In Germany, the tenant of an apartment – the monthly rent of which was higher than the maximum ceiling permitted under national law – asked a debt recovery undertaking to request his landlords to repay rent overpayments. He placed that order through that service provider’s website. Before clicking on the order button, he ticked a box to accept the general terms and conditions. According to those terms and conditions, tenants must pay the service provider a third of the annual rent saved where that provider’s attempts to assert their rights were successful.

In the ensuing dispute between the service provider and the landlords, the latter argue that the tenant did not give the service provider proper authorisation to act on his behalf. Indeed, the order button was not labelled with the words “order with obligation to pay” (or a corresponding formulation), as required by the directive on consumer rights[1]. In that context, the question arose as to whether that requirement applies also where the tenant’s obligation to pay does not arise solely from the order[2], but in addition requires the successful enforcement of his or her rights. The German court seised of the dispute referred a question to the Court of Justice in that regard.

The Court holds that the trader must inform, in accordance with the requirements of the Directive, the consumer before he or she places the order through the internet that he or she, by that order, assumes an obligation to pay.
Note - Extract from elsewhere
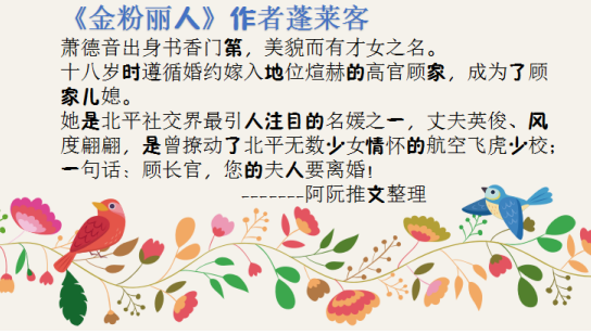 這本書是民國穿越文。女主角后來不得不做出的妥協,證明她也愛上了自己的丈夫,男主角的大男子主義在女主角面前也全都失去了。

That obligation on the part of the trader applies irrespective of whether the consumer’s obligation to pay is unconditional or whether the consumer is required to pay the trader only after a subsequent condition has been satisfied.

If the trader has not complied with his obligation to provide information, the consumer is not bound by the order.

However, there is nothing to prevent the consumer from confirming his or her order.

[1] Directive 2011/83/EU of the European Parliament and of the Council of 25 October 2011 on consumer rights. The trader must ensure that the consumer, when placing his or her order, explicitly acknowledges that the order implies an obligation to pay. Where a button or similar function must be activated in order for the order to be placed, the button or similar function must be labelled in an easily legible manner only with the words ‘order with obligation to pay’ or a corresponding unambiguous formulation indicating that the placing of the order entails an obligation for the consumer to pay the trader. Otherwise, the consumer is not bound by the contract or order.